Bürokratlar, 10 yıl zamanaşımından yararlanıp yırtıyorlar. Zarar devlete kalıyor.

- Ben personelime maaş ödemeyemez hale gelmiştim o zaman. Devletin demirbaşlarına el konuldu, EM Export'cular gelip müdürün masasını, koltuğunu alıp gittiler. Yönetim Kurulu üyelerine ne yaptılar bilmiyorum. Acı bir şeydir. Bu sistemde hantal bir yapı var. Kriz patlayınca herkes özelleştirmeci oldu. Bu olay kafamızı duvara nasıl vurduğumuzun göstergesidir. Buradaki madenler devletin başına beladır; hemen özelleştirilip devredilmelidir. Birlikte çalıştırılırsa kárlı olur.

Sorumlular kimdir?

- Siyasi açıdan hesap sorulması lazım.

Yargıtay aşamasındaki iki dava ile devlet 350 trilyon lira zarara uğratılmış; iddiaya göre de faizleriyle bu 20 katrilyon olacakmış bu tazminat.

Beyler, bu da mı yapanın yanına kár kalacak.

DMS geçersiz mi oluyor?

KAYSERİ'den üniversite öğrencisi Canan Şahin, Devlet Memur Seçme Sınavı ile ilgili olarak ‘‘Kime inanacağız?’’ diye soruyor:

‘‘Sayın Bahçeli yaptığı açıklamada 2001 sonuna kadar herkes yerleştirilecek, diyor. Sayın Derviş'in açıklaması ile 'memur alımı yok' şeklinde. 700 bin kişi emeklilik yolunda ve sadece bu yıl emekliliği gelen 250 bin kişi var. Devlet Personel Teşkilatı'nın eylülde bir sınav daha yapacağını biliyorum. Şimdi DMS'yi kazanan 350 bin kişi vardı. Bunların yaklaşık 60 bini yerleştirildi. Gerideki 290 bin kişi yerleştirilmeden bir daha sınav nasıl açılıyor? Hani iki yıl içinde herkesin yerleştirileceği sözü?’’
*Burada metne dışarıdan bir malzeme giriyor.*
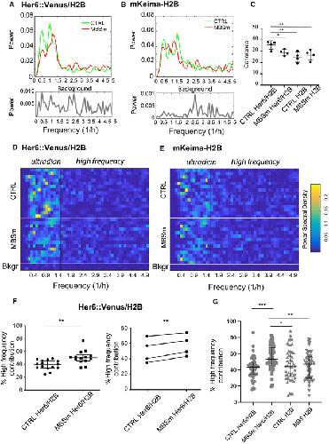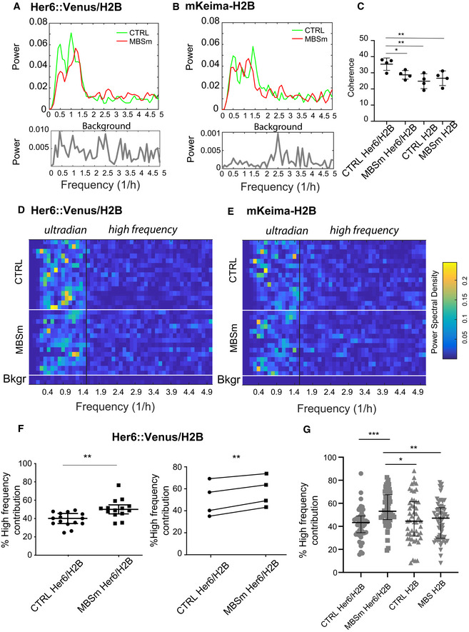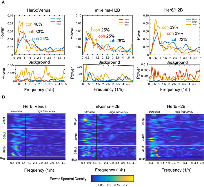 Figure EV4. Frequency analysis of Her6::Venus observed in progenitors in the presence and absence of miR‐9 regulation. Related to Fig 4
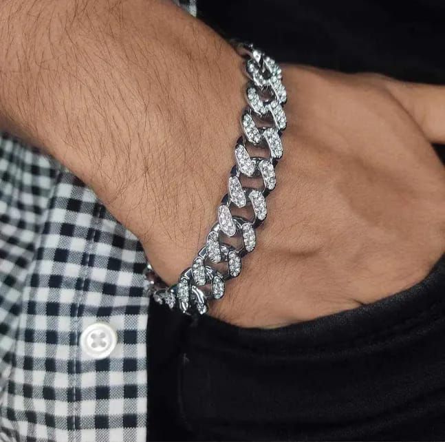 Introducing the new style Men Cuban Link Chain Bracelet, a stunning piece of jewelry designed for the modern man. This bracelet features a shiny rhinestone inlaid bangle, adding a touch of elegance to any outfit. Crafted with platinum, it exudes a luxurious appeal while being durable for everyday wear. Perfect for fashion-forward men, this bracelet is a versatile accessory that can be worn for both casual and formal occasions. Elevate your style with this eye-catching Cuban Link Chain Bracelet that effortlessly combines sophistication and trendiness.
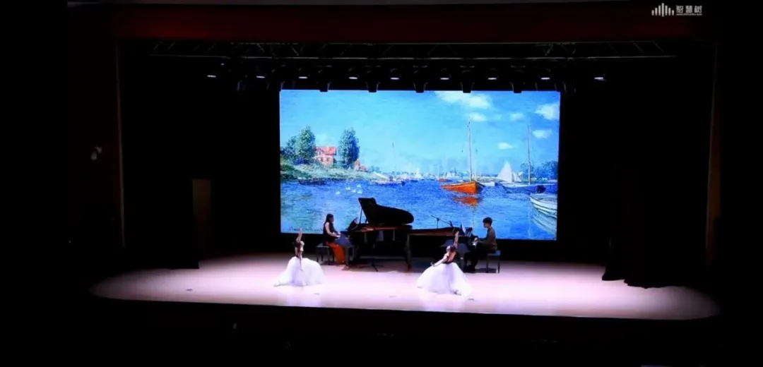 音乐会以视听同感“无边界”“更自由”为概念,选取中外不同时期的优秀音乐作品,通过钢琴这一古老传统而伟大的乐器作为主体,尝试与绘画、舞蹈、多媒体计算机交互技术进行演绎,从而产生对话、传递、延伸、转化、直至交融,呈现出多种表现元素和形式,多方位体会音乐带给我们的全新感受和意义,提供身心沉浸式的体验。在《德彪西<前奏曲组曲>》的演奏中,隋歆老师以优美高超的琴技,拉开了本次演出序幕,将乐曲清新而优美的五声调式特点主题,用流畅旋律和着三拍子节奏交相呼应得以呈现。

Sevgili Şahin, politikacılar oy hesabı yaptılar, Derviş de ekonomi hesabı yapıyor.

Haberin Devamı

Hava-İş'in 'pas'bilet açıklaması

HAVA-İş Sendikası Yönetim Kurulu, ‘‘THY'nın beleşçi yolcuları' (12.4.2001) yazısına bir açıklama göndererek, sendikanın bu konuda hiçbir ilgisi olmadığını belirtti. Açıklama şöyle:

‘‘THY çalışanlarına verilen pas biletler, toplu sözleşmeyle aldığı bir kazanım değildir. Çalışanlar bu biletleri şirketin yönetmelikleriyle alırlar. Dünyanın tüm havayollarında çalışanlar için bu hak vardır. THY, gerek ticari gerekse tasarruf anlamında bu haklara en fazla ambargo koyan bir havayolu şirketidir. Sendikanın, THY'nin 'beleşçi' yolcuları ile hiçbir ilgisi bulunmadığı gibi bu tür olaylara kesin tavrı olduğu da, bilinmelidir.